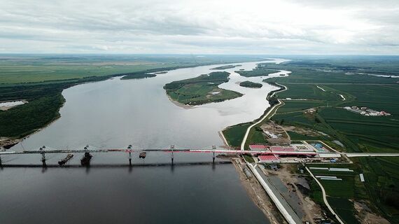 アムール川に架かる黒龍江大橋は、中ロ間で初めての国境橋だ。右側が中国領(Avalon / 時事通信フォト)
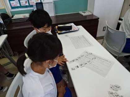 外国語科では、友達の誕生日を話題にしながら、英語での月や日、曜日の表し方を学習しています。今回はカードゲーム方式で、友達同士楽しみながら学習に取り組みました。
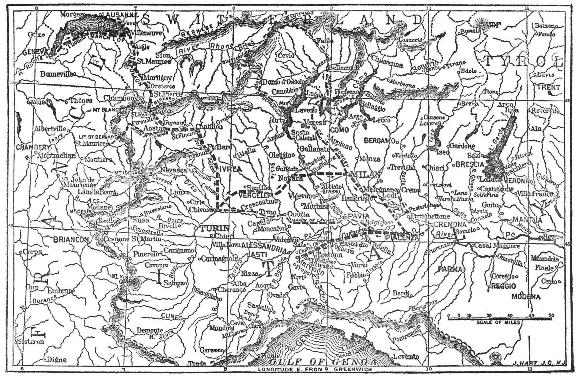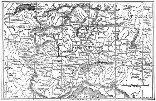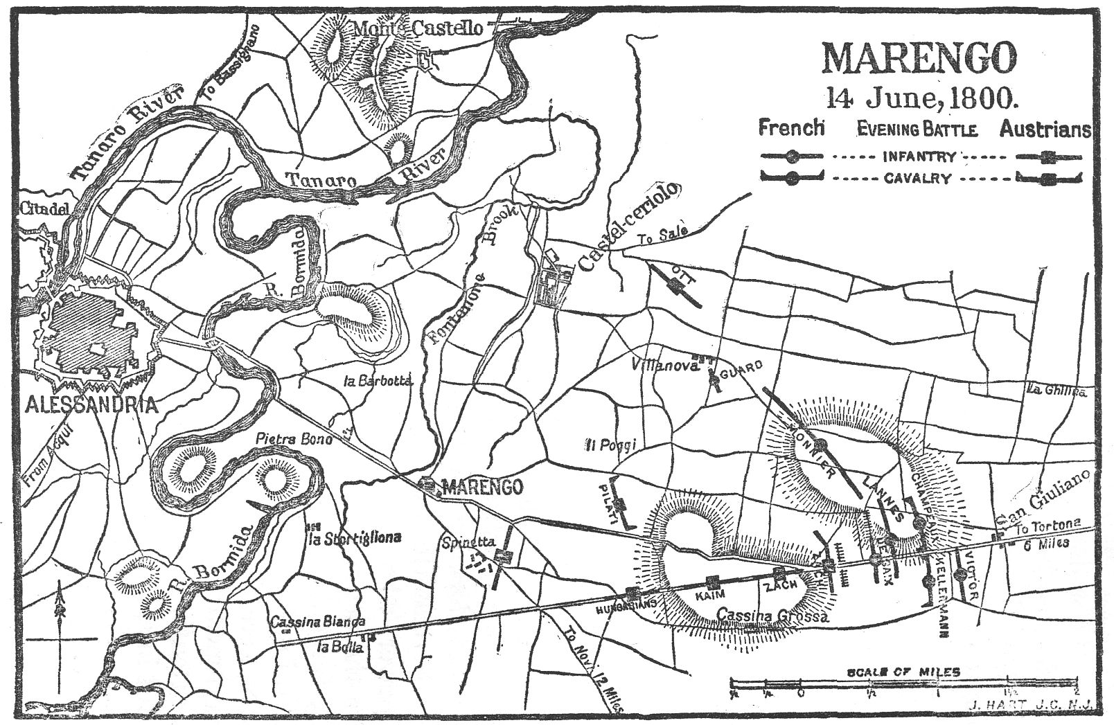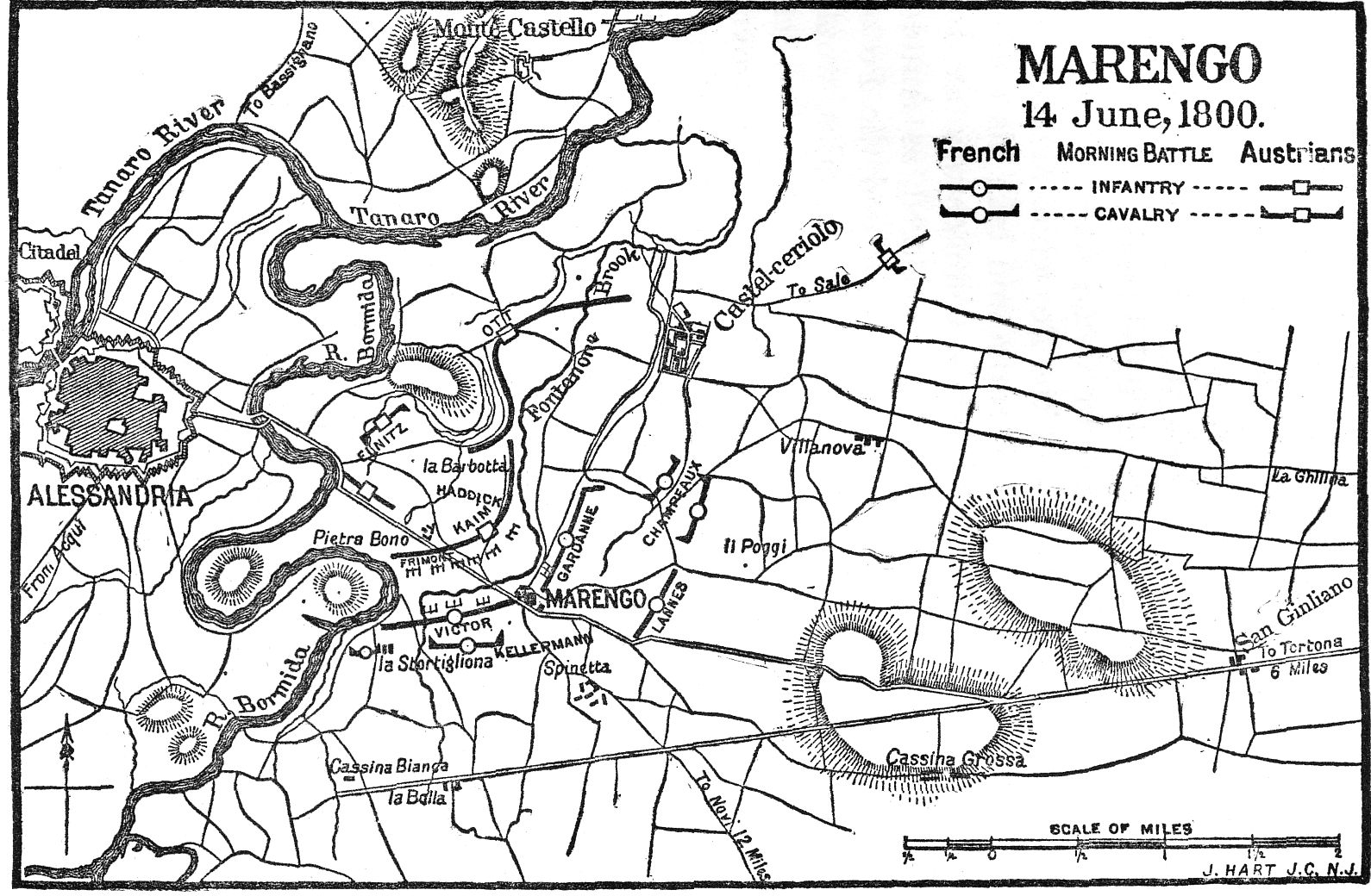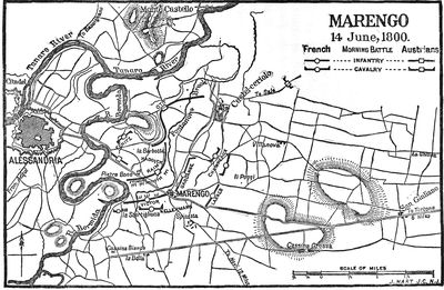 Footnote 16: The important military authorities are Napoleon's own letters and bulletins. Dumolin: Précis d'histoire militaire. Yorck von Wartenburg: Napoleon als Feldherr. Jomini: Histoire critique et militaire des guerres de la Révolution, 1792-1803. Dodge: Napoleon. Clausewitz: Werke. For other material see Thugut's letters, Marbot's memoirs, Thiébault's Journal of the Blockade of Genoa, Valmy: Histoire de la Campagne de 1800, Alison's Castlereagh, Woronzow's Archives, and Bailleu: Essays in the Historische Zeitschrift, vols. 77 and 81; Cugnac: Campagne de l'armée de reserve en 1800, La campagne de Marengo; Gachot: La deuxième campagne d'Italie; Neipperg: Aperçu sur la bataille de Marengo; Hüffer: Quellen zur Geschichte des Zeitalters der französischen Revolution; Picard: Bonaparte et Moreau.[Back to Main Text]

▶ [ABOUT THIS TASK]: The result should be the same data as above, line for line, with the pictures gone.

▶ [RESPONSE TO THIS EXERCISE]:
 アムール川に架かる黒龍江大橋は、中ロ間で初めての国境橋だ。右側が中国領(Avalon / 時事通信フォト)
 外国語科では、友達の誕生日を話題にしながら、英語での月や日、曜日の表し方を学習しています。今回はカードゲーム方式で、友達同士楽しみながら学習に取り組みました。
 Footnote 16: The important military authorities are Napoleon's own letters and bulletins. Dumolin: Précis d'histoire militaire. Yorck von Wartenburg: Napoleon als Feldherr. Jomini: Histoire critique et militaire des guerres de la Révolution, 1792-1803. Dodge: Napoleon. Clausewitz: Werke. For other material see Thugut's letters, Marbot's memoirs, Thiébault's Journal of the Blockade of Genoa, Valmy: Histoire de la Campagne de 1800, Alison's Castlereagh, Woronzow's Archives, and Bailleu: Essays in the Historische Zeitschrift, vols. 77 and 81; Cugnac: Campagne de l'armée de reserve en 1800, La campagne de Marengo; Gachot: La deuxième campagne d'Italie; Neipperg: Aperçu sur la bataille de Marengo; Hüffer: Quellen zur Geschichte des Zeitalters der französischen Revolution; Picard: Bonaparte et Moreau.[Back to Main Text]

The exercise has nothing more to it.